Implications for risk models
Global equity risk models like MSCI Barra GEM and Bloomberg MAC3 estimate country and industry factors jointly in the same cross-sectional regression. This is essential because:
- Industry composition varies by country (technology in the US, financials in the UK), confounding the two effects. Joint estimation disentangles them.
- The relative importance of country vs. industry shifts over time and across regimes. A model that drops one set of factors would be mis-specified in some periods.
- Even within the eurozone, maintaining separate country factors is justified. The sovereign debt crisis showed that dormant country risk can re-emerge rapidly, and a model that collapsed eurozone countries into a single factor would have badly underforecast risk in 2010-2012.
Implications for portfolio construction
- In a pan-eurozone core portfolio, sector allocation is at least as important as country allocation for managing tracking error.
- Once the portfolio extends to periphery, UK, or CEE, country allocation reasserts itself as the primary risk driver.

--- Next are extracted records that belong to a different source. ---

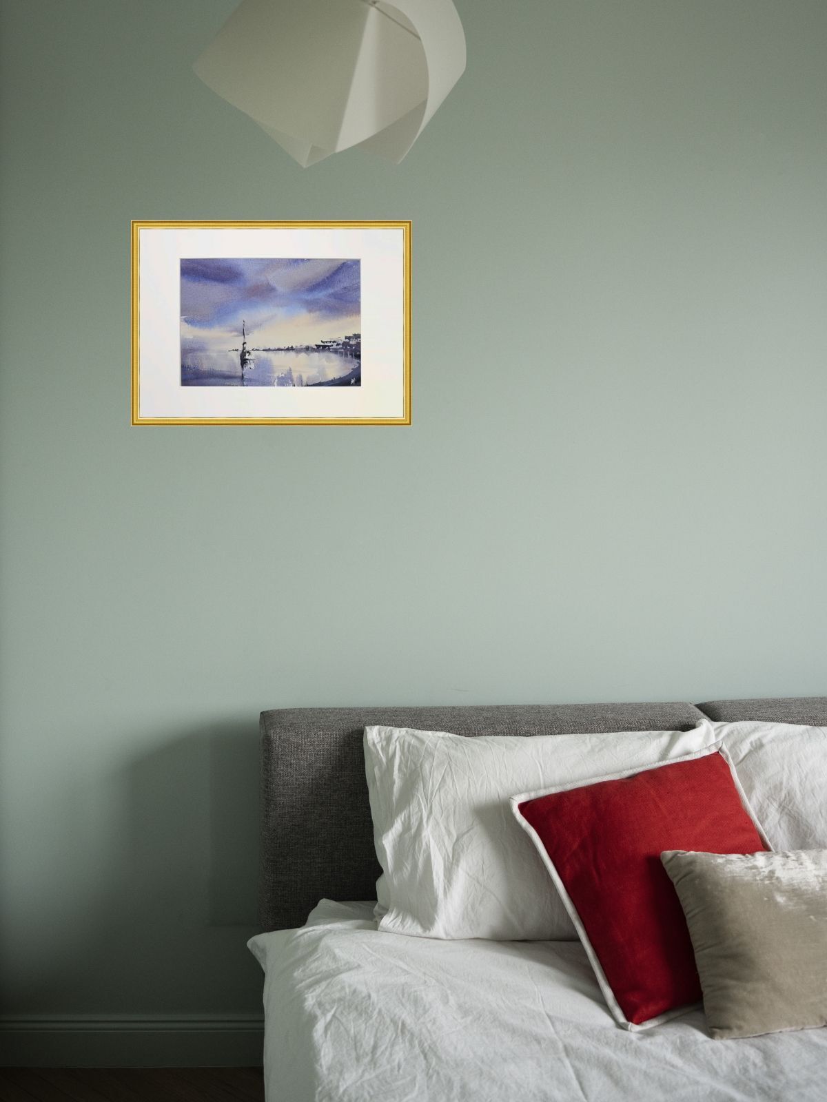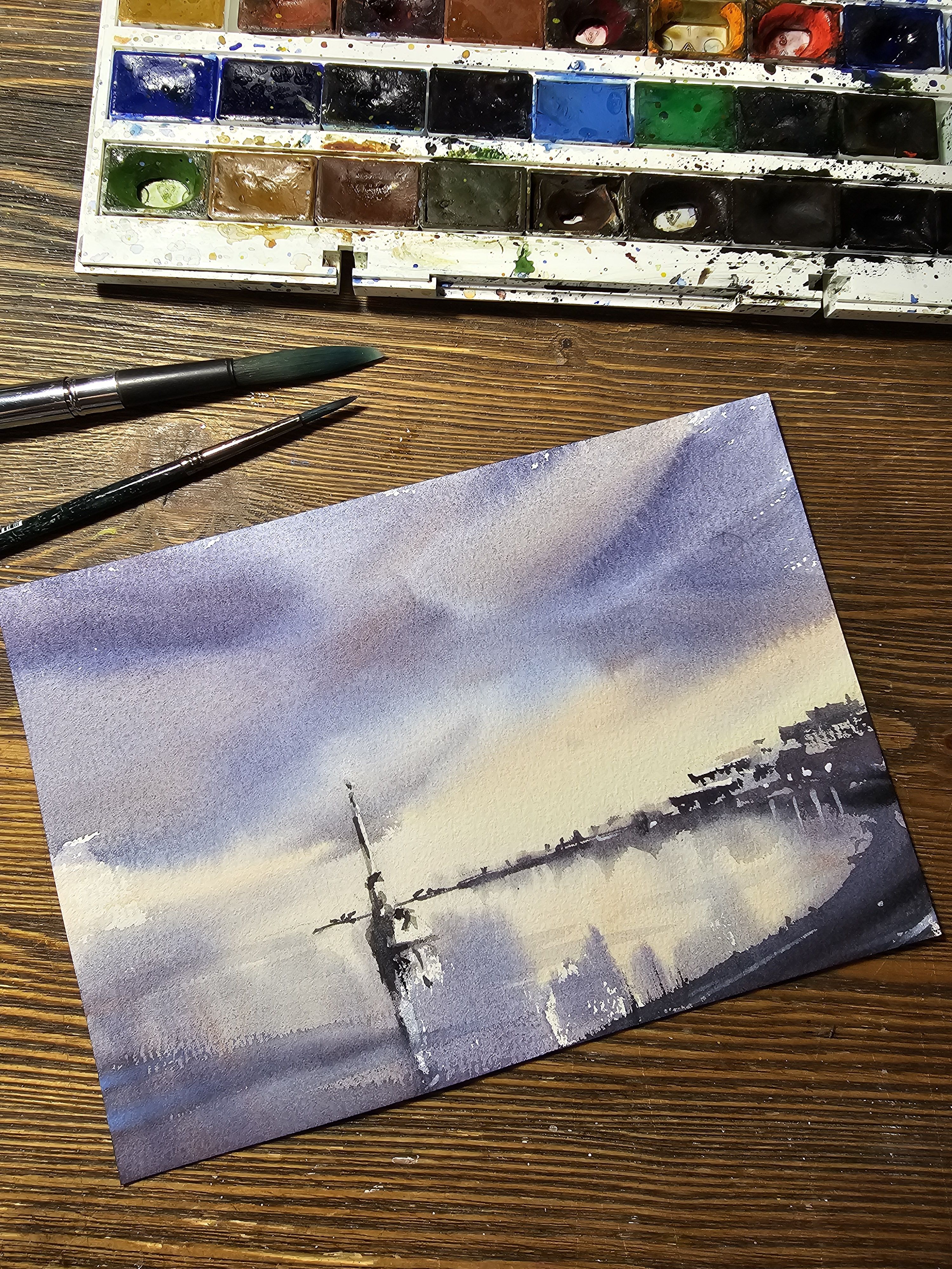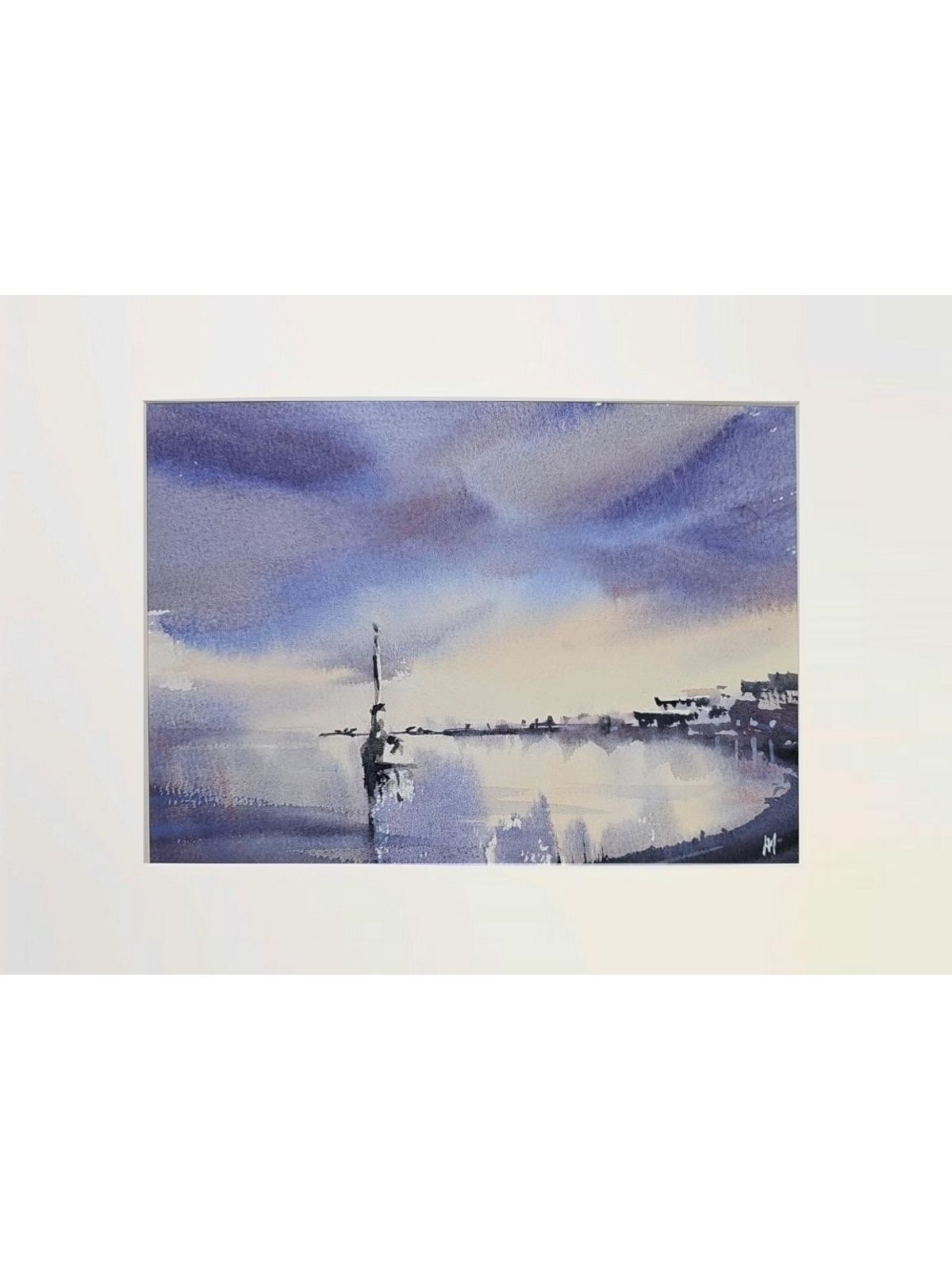 Нам представлена акварельная картина, выполненная в синих и фиолетовых оттенках. Она изображает вечернюю бухту Севастополя с отражением неба и окружающего ландшафта на поверхности воды. На среднем плане виднеется памятник Затопленным кораблям, возвышающееся над водой. На заднем плане видны темные силуэты береговой линии. Общая атмосфера картины спокойная и гармоничная.
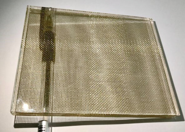 Bronze decorative fabric glass laminated is Bronze coated polymer mesh fabric laminated with low irong glass by EVA, TPU, PVB or SGP through oven or autoclave. Metalspurc glass has very high metal glossness and different privacy level can be available with transmittance light between 25-60%. Aluminium,Copper,Bronze,Inox,Titanium metal coating and customized color and pattern can be available.
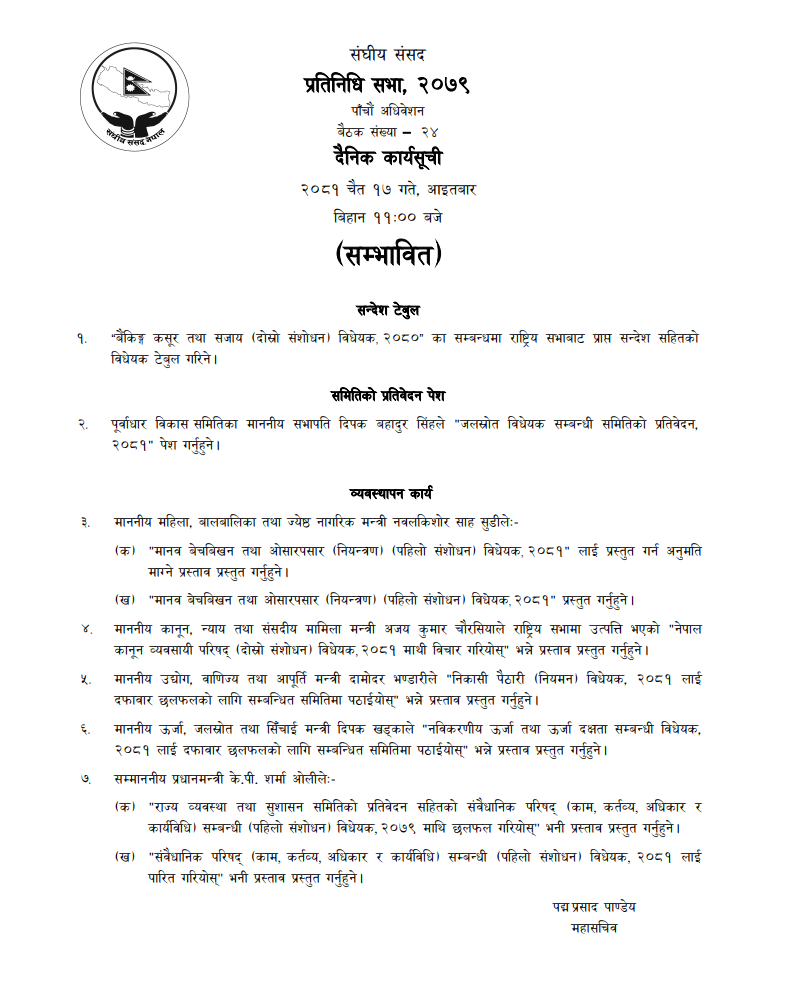 प्रतिनिधिसभा बैठक बिहान ११ बजे बस्नेछ भने राष्ट्रियसभा बैठक दिउसो १ः१५ बजे बस्नेछ ।

- During stress periods, country effects spike across all of Europe regardless of pre-crisis integration levels, making geographic diversification valuable precisely when it is most needed.
Key references
- Heston, S. L. and Rouwenhorst, K. G. (1994). “Does Industrial Structure Explain the Benefits of International Diversification?” Journal of Financial Economics, 36(1), 3-27.
- Griffin, J. M. and Karolyi, G. A. (1998). “Another Look at the Role of the Industrial Structure of Markets for International Diversification Strategies.” Journal of Financial Economics, 50(3), 351-373.
- Baca, S. P., Garbe, B. L., and Weiss, R. A. (2000). “The Rise of Sector Effects in Major Equity Markets.” Financial Analysts Journal, 56(5), 34-40.
- Cavaglia, S., Brightman, C., and Aked, M. (2000). “The Increasing Importance of Industry Factors.” Financial Analysts Journal, 56(5), 41-54.
- Brooks, R. and Del Negro, M. (2004). “The Rise in Comovement across National Stock Markets: Market Integration or IT Bubble?” Journal of Empirical Finance, 11(5), 659-680.
- Carrieri, F., Errunza, V., and Sarkissian, S. (2004). “Industry Risk and Market Integration.” Management Science, 50(2), 207-221.
- Ferreira, M. A. and Ferreira, M. A. (2006). “The Importance of Industry and Country Effects in the EMU Equity Markets.” European Financial Management, 12(3), 341-373.
- Moerman, G. A. (2008). “Diversification in Euro Area Stock Markets: Country Versus Industry.” Journal of International Money and Finance, 27(7), 1122-1134.
- Bekaert, G., Harvey, C. R., Lundblad, C. T., and Siegel, S. (2013). “The European Union, the Euro, and Equity Market Integration.” Journal of Financial Economics, 109(3), 583-603.